Ponieważ Kali był synem króla Wa-himów, zawarł przymierze z rodem M’ruy. Cała ceremonia polegała na zjedzeniu wątroby koźlęcia z odrobiną krwi drugiego króla. Nie był to widok miły dla oczu. Po kilku dniach od wyruszenia z wioski M’ruy zatrzymaliśmy się w przepięknym miejscu. Wśród drzew roiło się ptactwo takie jak gołębie czy tukany. Były tam równierz rajskie muchołówki. Gdy pewnego dnia Staś poszedł na polowanie, ja poszłam sama na krótki spacer. Nie uszłam daleko, gdy na mojej drodze stanął wobo. Gdyby Staś nie wyczuł kłopotów pewnie już nigdy nie zobaczyłabym tatusiów. King też przybiegł mi z pomocą i wyrzucił ciało wobo gdzieś bardzo daleko. Staś tak się o mnie zaniepokoił, że od razu wyruszyliśmy w dalszą drogę.
Po długiej wędrówce po górach, nareszcie dotarliśmy do wioski Wa-himów. Na miejscu dowiedzieliśmy się że Wa-himowie i Samburowie toczą wojnę, którą wygrywali Samburowie. Mnie i Mee Staś pozostawił w Lueli, ale wiem, że wystarczyło, żeby King wkroczył do boju, a Staś wystrzelił race, a Samburowie już uciekali. Król Wa-himów był tak szczęśliwy, że rzucił się w pogoń i zginął w ostatniej walce. Po śmierci ojca, Kali został królem. Mimo tego dalej chciał z nami jechać do Mombassy. Nowy władca ofiarował Stasiowi dwustu wojowników. On zaś nauczył część z nich jak używać broni. Po naszykowaniu dużego zapasu wody i jedzenia byliśmy gotowi do dalszej podróży.

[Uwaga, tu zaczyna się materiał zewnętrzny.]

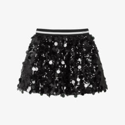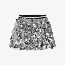 Lovely for a party, this silver skirt for junior girls by Guess is adorned with an array of shiny sequins that catch the light beautifully. Lined in lightweight crêpe, it has an elasticated striped waistband for comfort and easy pull on, with a metal logo adding a signature finish.
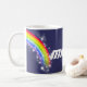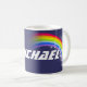 Arco-íris brilhante e colorido "que seus" miúdos conhecidos agridem. Presente perfeito para uma criança vibrante. A caneca lê: "Michael" ou personaliza esta caneca com o nome de sua escolha até 8 letras. Caneca projetada exclusivamente por Sarah Trett.
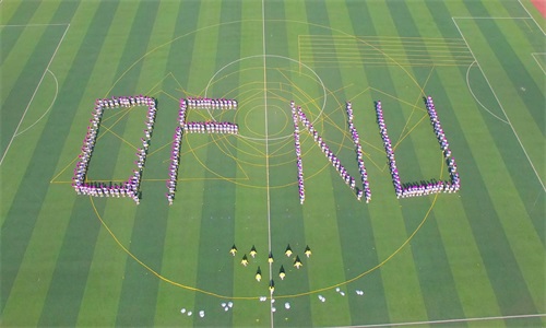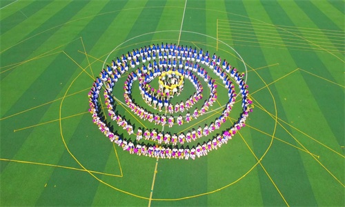 团体操队以“贪吃蛇”的形态进场,创意十足,让人眼前一亮。活力四射的舞步洋溢着青春的气息,富有内涵的队形伴随音乐节奏不断变化,从最初的两个三角形变成六芒星形。六芒星寓意着曲园学子不孜不倦、勤勉躬行的宝贵品质,彰显出曲园海韵、杏坛儒风的独特魅力。接着,队形变成了12条直线并开始跑圈,年轻的学子层层叠叠,最终围成了三层圆圈,组成太阳的形象,寓意“渊源共生,和谐共融”。随后团体操队排成的“Q、F、S、F”四个字母与“1955、2018”两组数字,代表“澳门巴黎人娱乐城

Podczas pobytu w „Krakowie” Nel zachorowała na febrę. Pierwszy atak bardzo ją osłabił. Było jej naraz zimno i ciepło. Widziała Gebhra, Beduinów i Chamisa stojących przed drzwiami baobabu. Drugi atak zawsze jest jeszcze gorszy, nik nie dożył trzeciego. Gdy pewnego dnia zobaczyłem na niebie dym byłem pewny, że to obóz Smaina. Pod osłoną nocy, gdy księżyc był już na niebie, wyruszyłem w stronę, z której się unosił. Po drodze przedzierałem się przez wysokie trawy, mimozy i akacje. Każdy najcichszy szelest nie uszedł mojej uwadzę. Gdy w końcu byłem na miejscu, moim oczom ukazał się widok inny, jakiego się spodziewałem. Nie był to obóz Smaina, lecz Szwajcara o imieniu Linde. Nie mógł iść dalej, ponieważ miał zranioną nogę. Opiekował się nim mały murzyn Nasibu.
Wszyscy niewolnicy Lindego, oprócz Nasibu, zapadli w śpiączkę, pozostawiając po sobie mnóstwo broni i prochu. Linde był pewny, że on również niedługo odejdzie z tego świata, więc jak mógł tylko pomagał nam. Największą pomoc okazał dając mi całe dwa słoiki chininy dla Nel. Dzięki temu lekarstwu, nie doszło do drugiego ataku. Oprócz chininy Linde dał nam broń, proch, papier, mapy, apteczkę, dzbany, oraz wiele innych rzeczy które przydały się nam do dalszej podróży. Niedługo potem Szwajcar umarł, a Nasibu długo opłakiwał śmierć swojego pana. Gdy nadszedł dzień wyjazdu, King był już tak oswojony, że pozwalał nawet Nel wchodzić sobię na grzbiet. Aby go uwolnić trzeba było w szczeliny w skale włożyć proch, a następnie go podpalić. Wybuch był bardzo głośny, lecz gdy słoń zorientował się że jest wolny strach minął. Zapakowaliśmy wszystkie swoje dobytki, które dostaliśmy od Lindego i ruszyliśmy w drogę.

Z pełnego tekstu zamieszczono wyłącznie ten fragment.